### Extracted data

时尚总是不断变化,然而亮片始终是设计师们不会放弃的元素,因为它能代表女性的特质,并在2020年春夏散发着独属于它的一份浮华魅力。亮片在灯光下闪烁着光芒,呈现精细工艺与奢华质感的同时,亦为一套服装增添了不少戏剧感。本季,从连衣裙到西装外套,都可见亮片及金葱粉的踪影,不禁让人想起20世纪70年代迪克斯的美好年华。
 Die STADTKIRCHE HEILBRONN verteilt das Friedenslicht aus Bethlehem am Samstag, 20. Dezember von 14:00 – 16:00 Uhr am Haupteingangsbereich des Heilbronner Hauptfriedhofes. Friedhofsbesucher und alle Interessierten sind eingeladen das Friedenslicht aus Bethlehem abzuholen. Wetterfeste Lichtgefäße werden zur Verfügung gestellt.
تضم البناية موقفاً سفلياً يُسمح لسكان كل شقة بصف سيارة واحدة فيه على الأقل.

######
### Extracted data

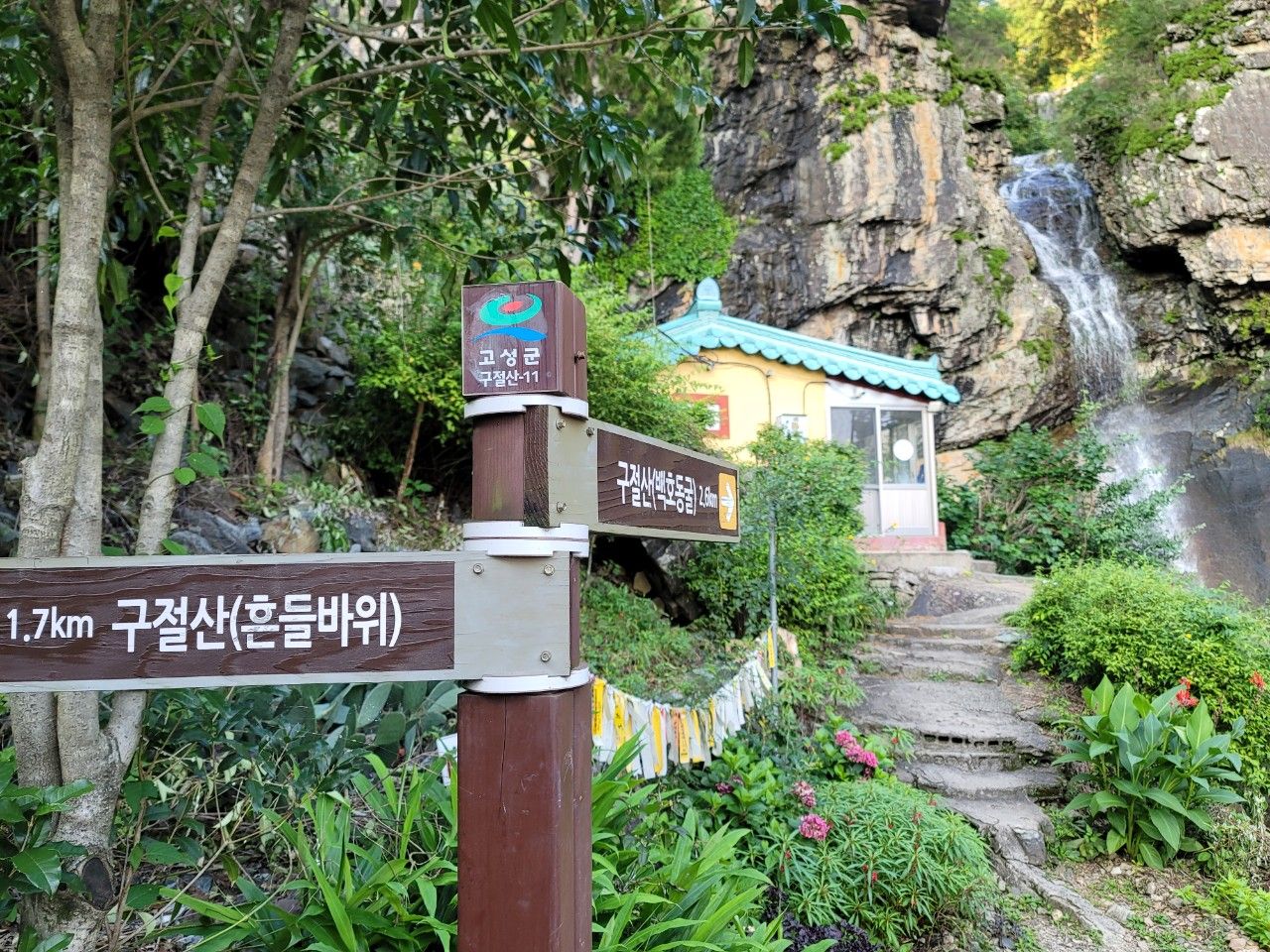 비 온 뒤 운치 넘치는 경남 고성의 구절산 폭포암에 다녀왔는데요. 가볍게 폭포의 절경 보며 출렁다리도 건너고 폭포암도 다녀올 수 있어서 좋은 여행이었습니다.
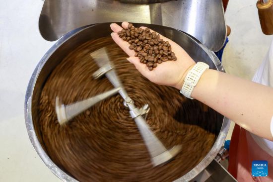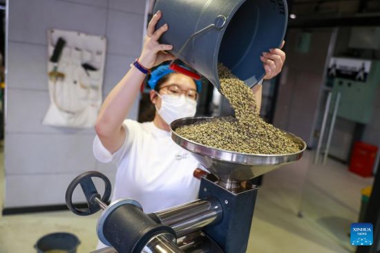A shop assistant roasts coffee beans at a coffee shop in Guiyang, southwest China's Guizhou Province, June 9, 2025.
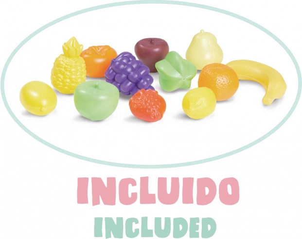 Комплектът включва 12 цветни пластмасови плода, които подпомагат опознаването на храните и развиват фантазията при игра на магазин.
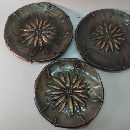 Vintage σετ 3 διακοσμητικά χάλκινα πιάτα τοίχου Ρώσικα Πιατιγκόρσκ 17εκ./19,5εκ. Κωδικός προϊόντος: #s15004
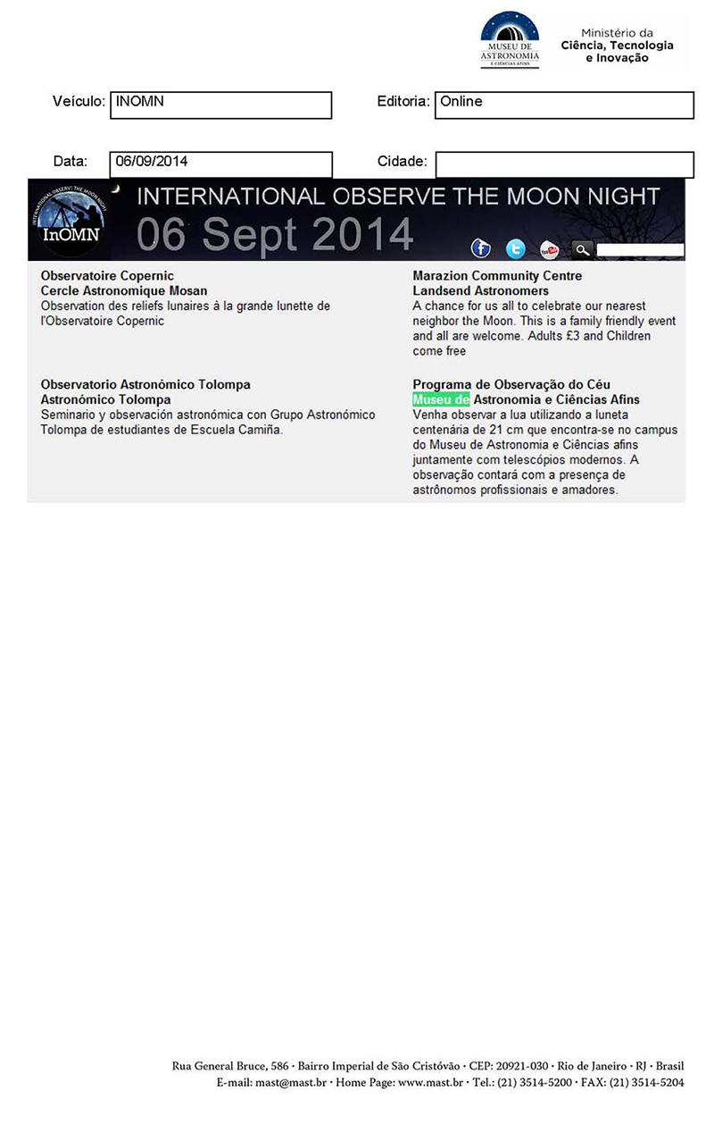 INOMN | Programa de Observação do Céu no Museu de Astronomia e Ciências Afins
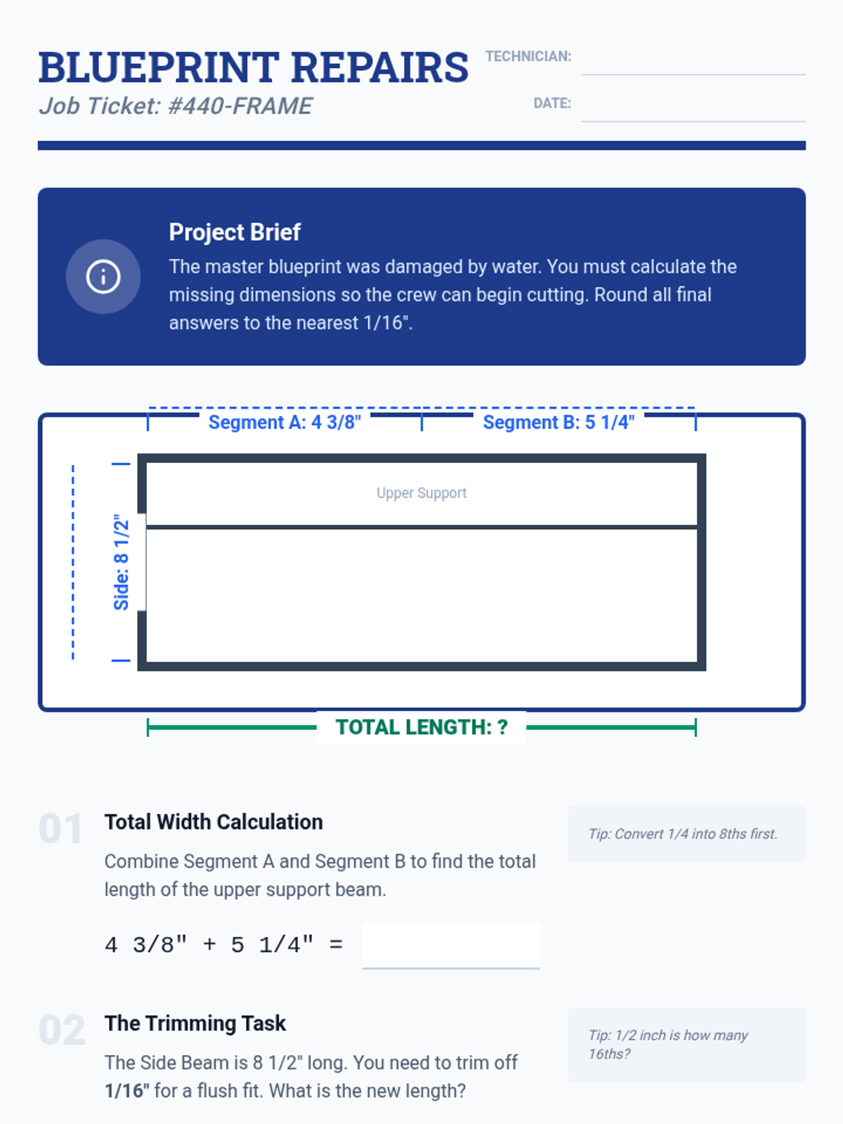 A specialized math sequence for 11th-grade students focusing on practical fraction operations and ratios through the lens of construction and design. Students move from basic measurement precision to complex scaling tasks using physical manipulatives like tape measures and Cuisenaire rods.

######
### Extracted data

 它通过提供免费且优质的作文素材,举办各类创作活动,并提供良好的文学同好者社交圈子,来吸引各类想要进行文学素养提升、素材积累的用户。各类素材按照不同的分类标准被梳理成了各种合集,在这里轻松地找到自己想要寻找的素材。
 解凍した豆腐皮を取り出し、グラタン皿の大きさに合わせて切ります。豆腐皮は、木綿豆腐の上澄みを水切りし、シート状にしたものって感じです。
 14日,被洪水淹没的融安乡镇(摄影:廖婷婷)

######

* [What is required]: Please copy, exactly and with nothing else, the lines above beginning at the line that has "解凍した豆腐皮を取り出し、グ" and ending with the line that has "14日,被洪水淹没的融安乡镇(摄影:廖婷婷)".

* [Task response]:
 解凍した豆腐皮を取り出し、グラタン皿の大きさに合わせて切ります。豆腐皮は、木綿豆腐の上澄みを水切りし、シート状にしたものって感じです。
 14日,被洪水淹没的融安乡镇(摄影:廖婷婷)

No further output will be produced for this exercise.